Thus, I would argue that one of the reasons you might actually cause harm in intensively trying to lower sugar, is when you need insulin to get to that goal. This suggest (contrary to the ADA guidelines) that targeting to an A1c of less than 7.0% should be done with multiple medications, and not with insulin. In fact, it might be better to reserve insulin for those patients with an A1c of more than 8%, despite multiple oral agents (again, contrary to ADA guidelines).

10 comments:

Anonymous said...

You may want to look again at the evidence that A1C control in DM II "prevents blindness" or prevents "kidney problems."
Looking at the data suggests it does neither.

UKPDS: No clinically meaningful improvement in visual or renal function.

http://bmj.bmjjournals.com/cgi/content/full/320/7251/1720

http://hcrenewal.blogspot.com/2008/02/is-more-always-better-accord-study.html




ADVANCE:

1% absolute difference in "nephropathy" (defined?) no creatinine differences or renal outcome differences. NNT 100 over 5 years to have one person have this likely meaningless outcome.

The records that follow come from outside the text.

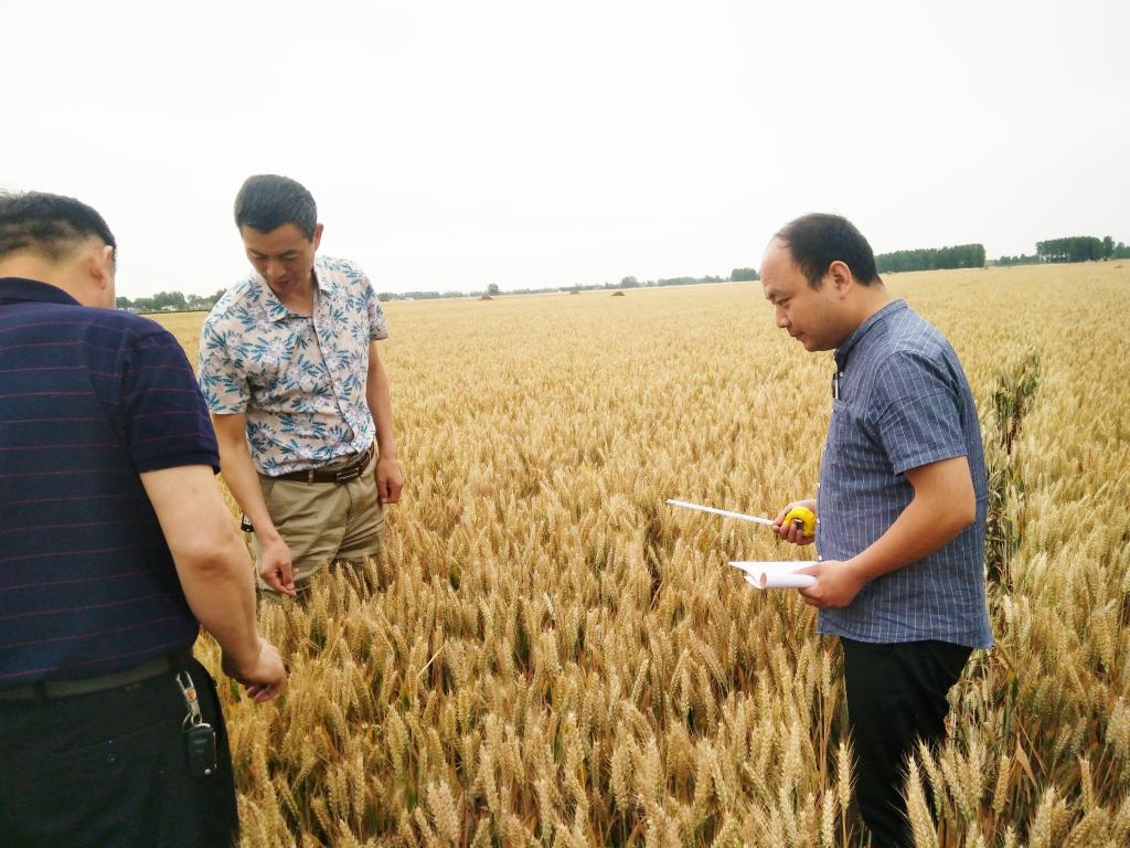 刘明久院长组织大家对小麦新品种百农207千亩方示范田进行三点法测产,预计产量在650公斤以上,比原种品种增产50-100公斤。刘院长表示,今年百农207又是一个丰收年,虽然前期干旱,但在后期灌浆饱满,品种的稳产性和丰产性再一次展现,在豫东开展该品种的示范和推广工作是可行的,通过合作社+农户的做法有利于群众增产增收,对群众脱贫致富起到积极作用。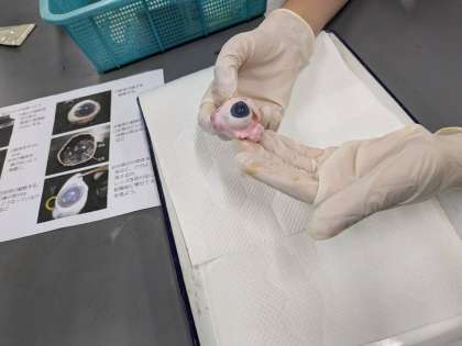 豚の肺の観察と豚の眼球の解剖を行いました。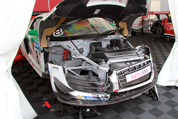 在上午發生事故而引發Safety Car的熊龍,所駕駛的8號賽車在回到車庫後,受損的賽車一度讓人以為難以趕上下午的第二回合比賽。不過,在Audi R8 LMS Cup合作夥伴Absolute Racing的技師努力下,下午開賽前便只剩外觀空力套件的修復,也順利趕上比賽前的Pit Lane開放與繞場圈進入起跑線之中。不過,由於賽道安全官仍未確認賽車是否足以安全進行比賽,技師們仍在起跑線上進行搶修與四輪定位,以求趕上即將開跑的比賽。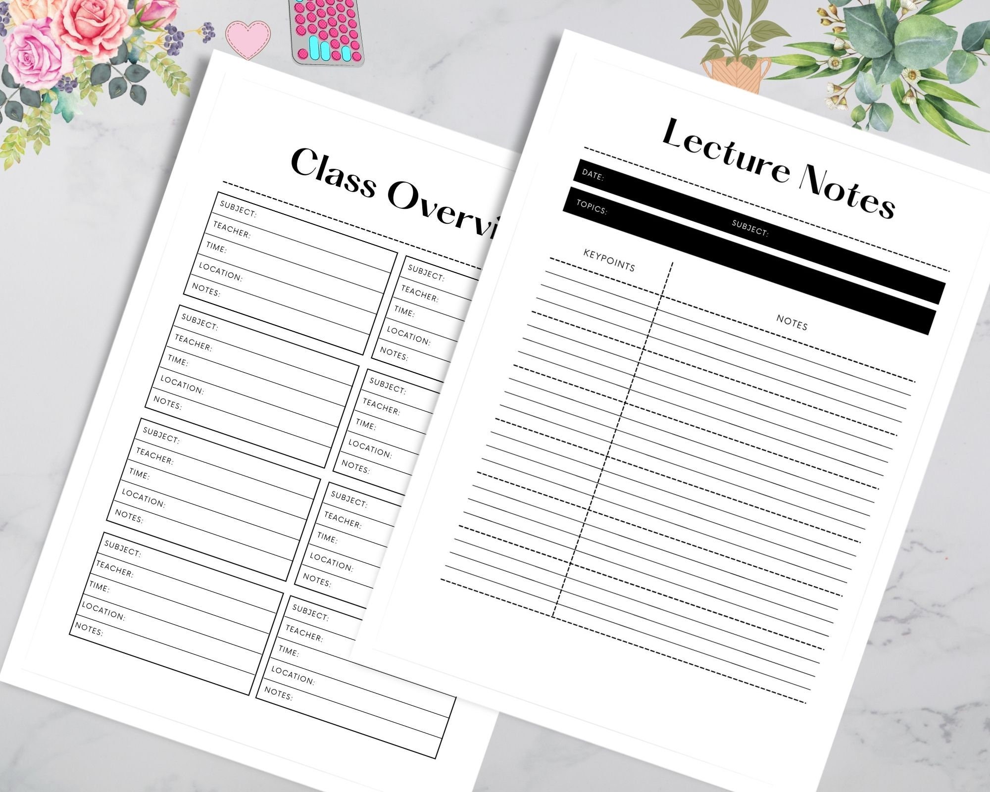 Printable Online Class Notes Template: Lecture Notes, Study Planner ...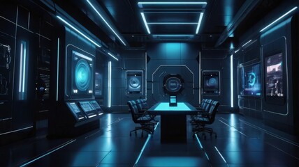 Futuristic Technology Conference Room with Glowing Blue Accent Lighting and Multiple Display Screens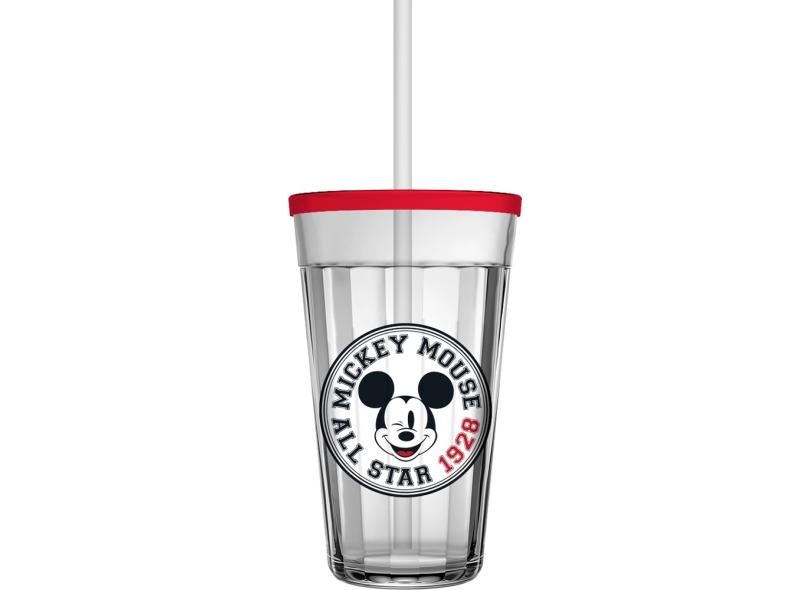Jogo de Copos Mickey Disney, Com Canudo, 450ml, Vidro - 2910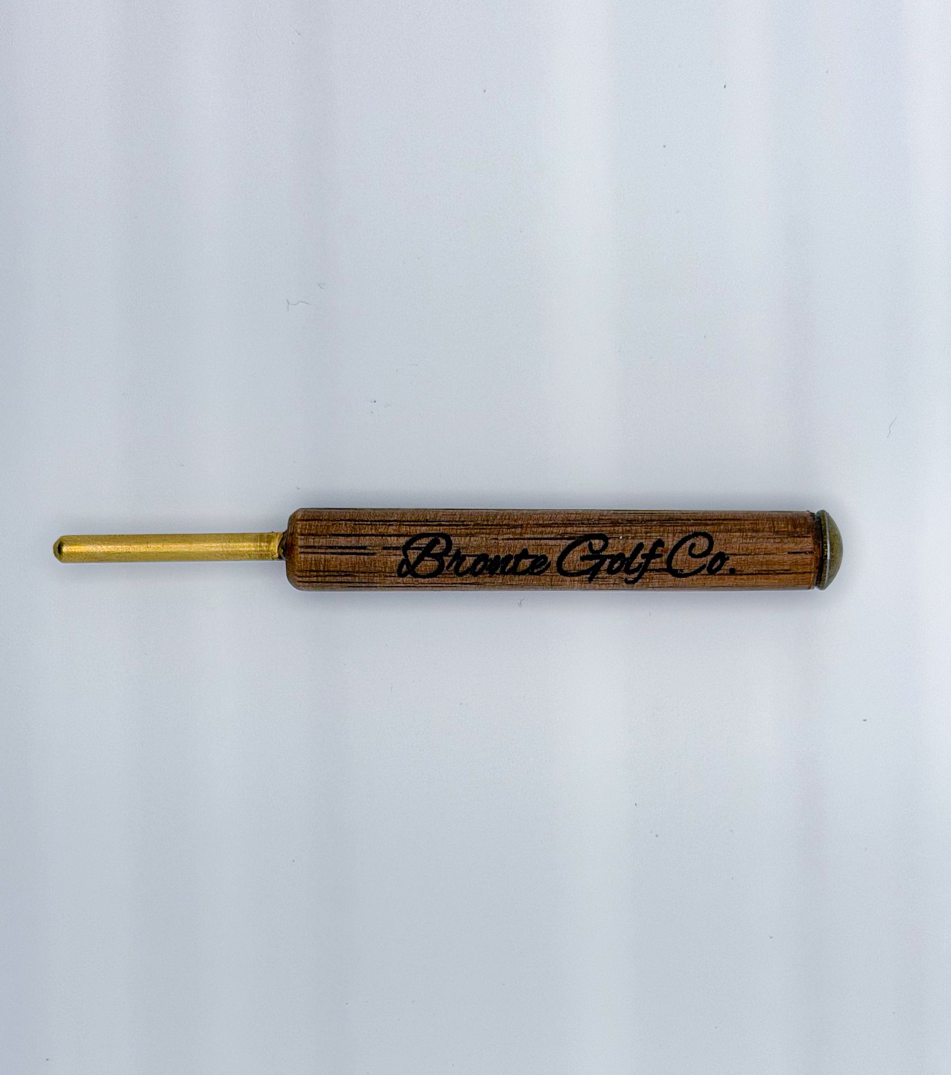 Fix your ball marks like a true player. Crafted from hickory and brass, this single-prong tool is as functional as it is timeless. Simply work around the mark pushing the edges in and tap down with your putter. No digging, no damage, only proper care that might just make the greenskeeper your biggest fan.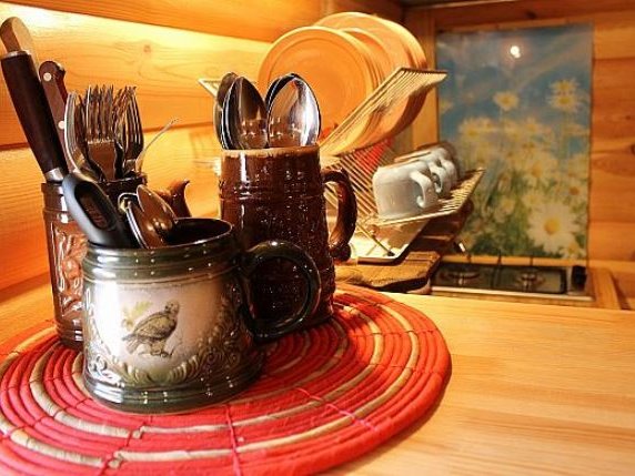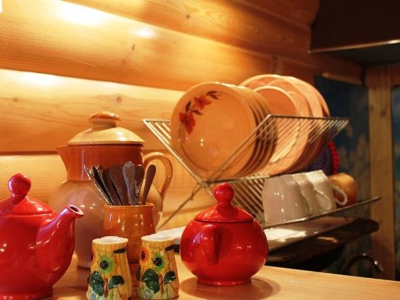 Здесь же расположена мини-кухня, в которой есть всё необходимое для приготовления еды (посуда, плита, холодильник, мойка). Так же на первом уровне оборудованы душевая и санузел.
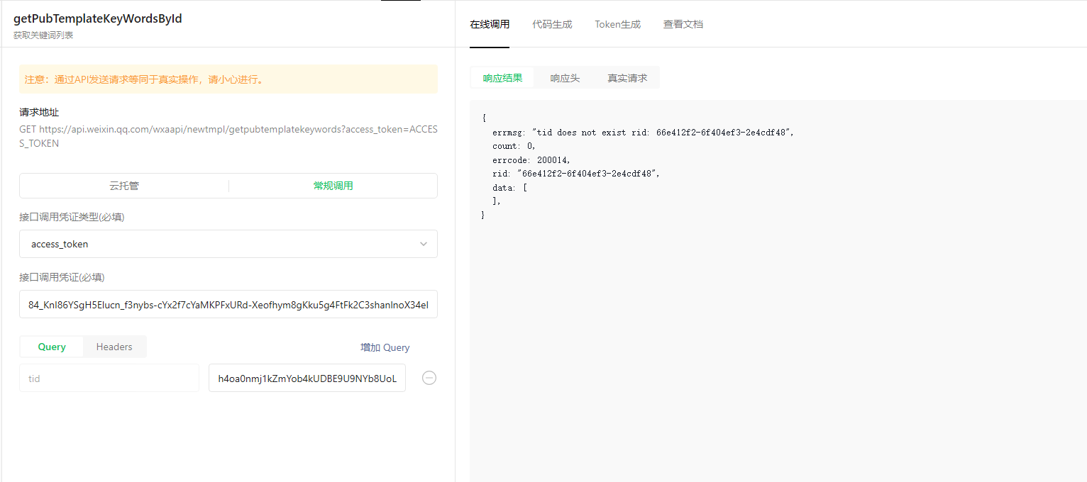 使用官方微信调试工具地址如下https://developers.weixin.qq.com/apiExplorer 获取到接口凭证填写tid 模板id 返回200014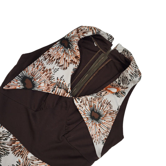 70s Vintage Brown & White Retro Patterned Dress Women's Size 10/12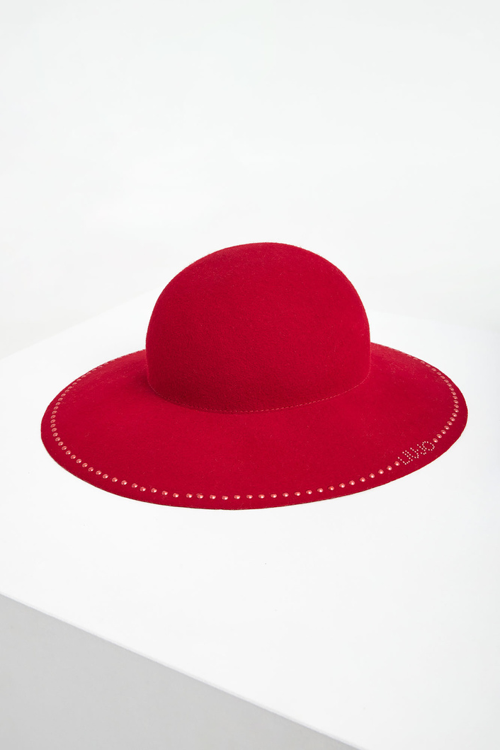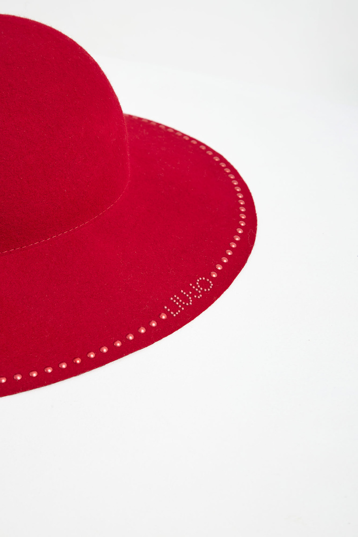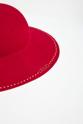 Kapelusz marki Liu Jo w czerwonym kolorze. Wykonany ze stuprocentowej wełny. Okrągła korona. Szerokie rondo z dżetami i nazwą marki wzdłuż brzegu. Wnętrze wykończone wszytą taśmą.
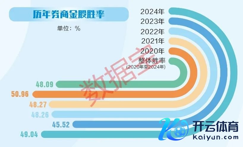 统计判辨,券商金股合座胜率在48%驾驭。具体到不同庚度,2020年、2024年胜率相对较高,其中2020年的胜率独特了50%,2024年胜率在49%驾驭;2021年、2022年、2023年胜率相对偏低,其中2023年仅有45%驾驭。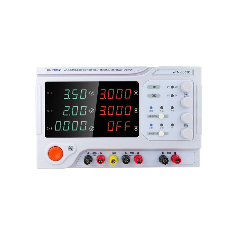 多路稳压稳流电源有两路可调输出、一路固定输出2.5V/3.3V/5V; 采用纯铜环型变压器,效率高,发热小。无须外接连线即可实现主通道CH1、CH2间的串并联,简化连线,使测试更简便。四位数码屏显示,具备10mV/1mA高精度分辨率,同时具备多种保护功能;一键控制输出通断开关,方便安全。广泛应用于产品老化维修,电池充电、实验测试、生产测试、电解电镀等行业。 产品功能及优势 多路稳压稳流电源有两路可调输出、一路固定输出2.5V/3.3V/5V; 采用纯铜环型变压器,效率高,发热小。无须外接连线即可实现主通道CH1、CH2间的串并联,简化连线,使测试更简便。四位数码屏显示,具备10mV/1mA高精度分辨率,同时具备多种保护功能;一键控制输出通断开关,方便安全。广泛应用于产品老化维修,电池充电、实验测试、生产测试、电解电镀等行业。 面板说明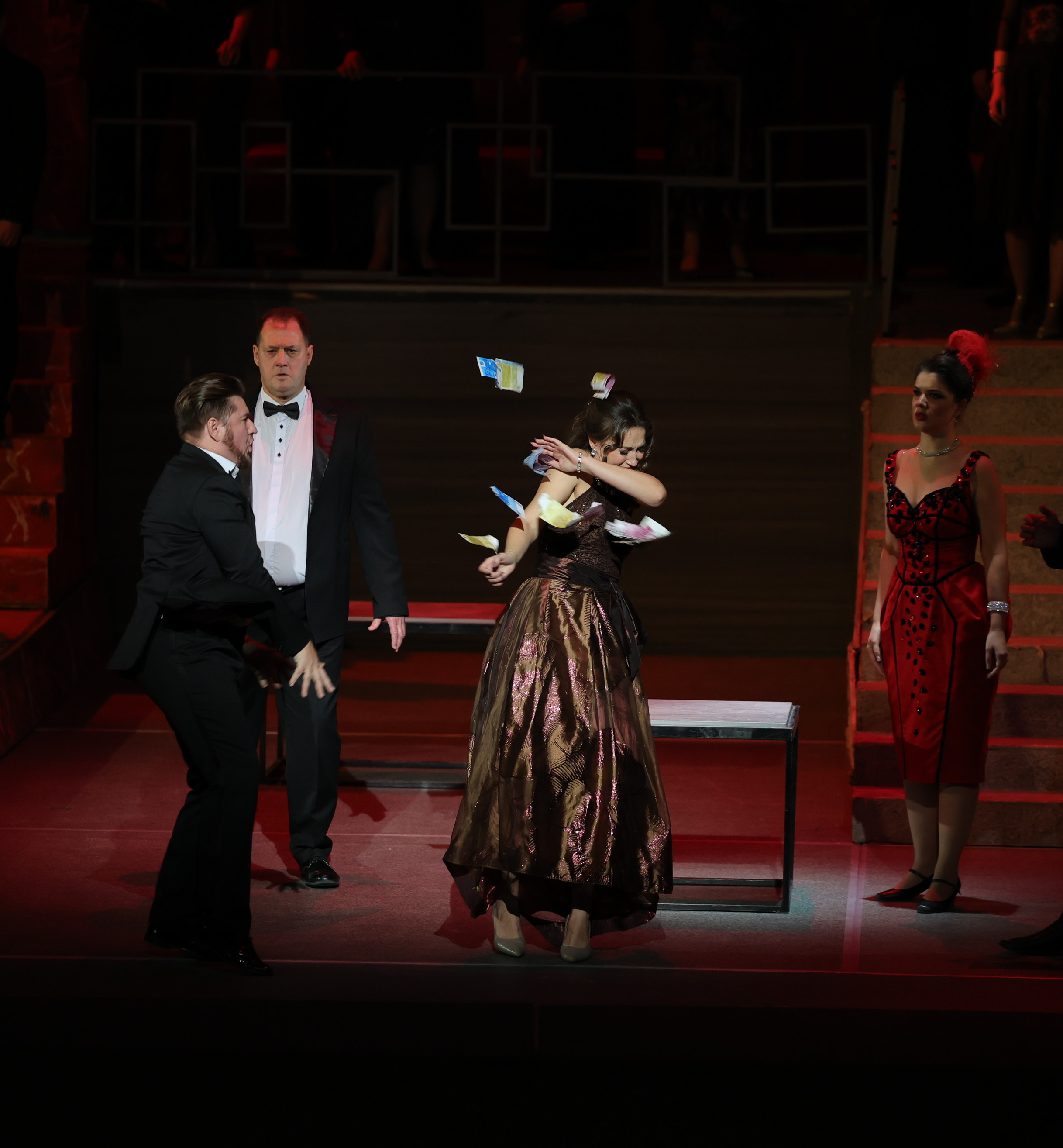 «Травиату» переодели в современное – что это дало мелодраме Верди? Прежде всего – ощущение когнитивного диссонанса: да, сама фабула, то есть история дамы с камелиями вполне может иметь место и сегодня, однако все остальное в опере противится такому переносу. Манеры, стиль поведения героев, характер их отношений, жесты, взгляды, мимика – абсолютно из другой эпохи, они вопиюще противоречат музыкальному строю, атмосфере творения Верди, рисующего романтическую картину (путь и с долей реализма – композитор знал цену нравам своих современников), в то время как зритель видит жестко-циничные будни дня сегодняшнего. Да, а где же мобильные телефоны и прочие гаджеты, если мы в XXI веке, – почему герои обмениваются письмами в конвертах и никогда не знают, где кто находится и когда и откуда кого ожидать?..

ACCORD: no microvascular issues addressed in study, as far as I know.

So the statement that "treating diabetes (type 2) aggressively is quite effective" is not supported by the best evidence we have.

Dr. Matthew Mintz said...

The statement prevents blindness and kidney problems refered to the UKPDS, and not ACCORD or ADVANCE, so I should have made this more clear.
Though retinopathy and microalbunuria are technically surrogates for blindness and renal failure respectively, they are biological surrogates. In otherword, we do know that untreated retinopathry will evenutally lead to blindness.
The BMJ article in your post makes several valid points about critical appraisal of information. Though the absolute risk reduction for microvascular disease is in the single digits for the entire study, this is not inconsequential (epectially is you are one of the 1 in 30 patients affected). In addition, the BMJ article points out that the NNT for obese patients treated with metformin for any outcome was 10, which is pretty substantial. In the US, most type diabetics are type 2 and most of them are obeses

Anonymous said...

You can maintain those surrogates possibly represent important clinical outcomes for patients in those studies. Others disagree. (as the links attest)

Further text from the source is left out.